Let’s be right up front with our principal reservation: It is not all that clear whether anyone now on the scene is fully up to the task.

One hopes for superheroes, generally in vain.

And even Superman would be staggered by Albany: It’s flat broke, and getting broker. Jobs and businesses are fleeing. Corruption and thievery are the norm. The Legislature is in total thrall to special interests. Taxes are crushing.

A not insuperable, yet nevertheless formidable, challenge.

Certainly a discussion of issues would have been useful.
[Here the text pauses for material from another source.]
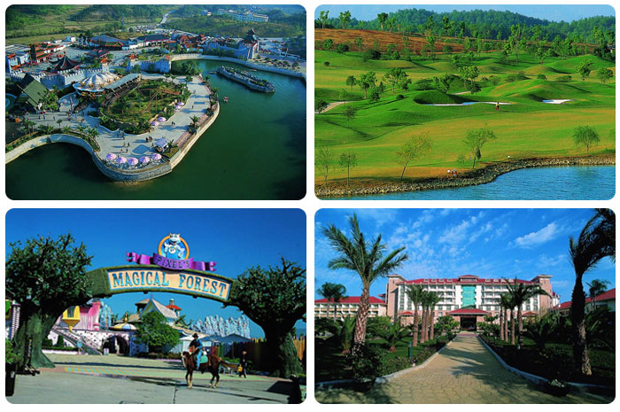 乐满地简介 桂林乐满地度假世界是广西目前最大的外商投资旅游项目,占地面积6000亩,于2000年12月25日正式开幕,其中包括时尚、动感、刺激与欢乐并存的主题乐园、集广西少数民族艺术及乐满地欢乐文化的五星级度假酒店, 依山势高低错落而建的丽庄园森林别墅区、美式丘陵国际标准27洞高尔夫俱乐部。 桂林乐满地度假世界位于广西桂林市兴安县,距桂林市仅63KM,全程由6车道国家一级公路相连。从桂林市区到乐满地的车程仅为45分钟,从桂林两江国际机场到乐满地的车程时间约为55分钟,沿途还可欣赏到桂北特有的田园森林景观及喀斯特型地貌。在2007年度被国家旅游局评为“AAAAA”景区,同时通过了ISO9001及ISO14001两项国际权威机构的质量标准体系认证,被评为“2002年度中国旅游报.中国旅游知名品牌”以及“全国十佳主题乐园”;2005年主题乐园获得“广西十佳旅游景区”的称号。

Yet, scandalously, the GOP was unable to field a credible candidate in what is shaping up everywhere else in America as a strong Republican year.
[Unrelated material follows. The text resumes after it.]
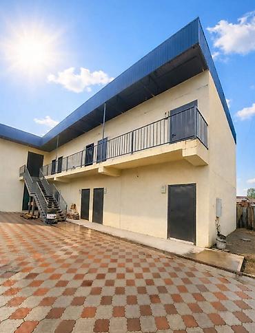 - Двухэтажный блок с внешними входами на этаж, металлическими дверями и перилами.

At the outset, there was something refreshing about Carl Paladino, the erratic, energetic political neophyte who took down the Republican establishment.

He won the primary by showing that he understood the frustrations New Yorkers grapple with daily — and by speaking to them, directly and forcefully.

But he was long on anger and short on answers. (Throwing Assembly Speaker Sheldon Silver into Attica may appeal at an elemental level, but it is not a policy prescription.)

Then a screw popped loose.

Paladino revealed himself to be undisciplined, unfocused and untrustworthy — that is, fundamentally unqualified for the office he seeks.

In addition, his embrace of the utterly bizarre Roger Stone and his execrable Sancho Panza, Michael Caputo, as principal advisers is compelling evidence of a profound ethical myopia.

And now he is silent on the issues.

Thus, Cuomo’s gotten a free pass — and that’s just wrong.

Let’s be clear: Cuomo has been an effec tive AG.

More important, he understands the underlying issues of Albany’s ingrained dysfunction and the urgent need to address them — as well as the immense challenges he’ll be facing.

His multi-part plan, among other things, calls for a 2 percent cap on property taxes; no increase in sales, income and business taxes; a freeze on public-union salaries — and a reduction of government agencies by one-fifth.

But, as has been noted in other contexts, no battle plan survives contact with the enemy — and enemies will be everywhere if he seriously tries to implement this strategy.

Cuomo’s detailed criticism of Albany mores — the decades of ingrained corruption and the transactional nature of its politics — shows that he gets it.

But his acceptance of support from the highly dubious Independence and Working Families parties suggests that he’s not above a little transactional politicking of his own.

Clearly, questions abound.

Again, Cuomo’s plan — especially re garding the need to confront public- sector unions and other special interests — suggests that he will not be following the liberal Democratic line.

We believe that the attorney general has the experience, the talent and the vision to blaze a path to reform. Whether he has the staying power — the sheer will — necessary to achieve it remains very much to be seen.

And we intend fully to monitor his progress, and to offer advice when appropriate.

In the meanwhile, we urge New Yorkers to vote for Andrew M. Cuomo on Nov. 2.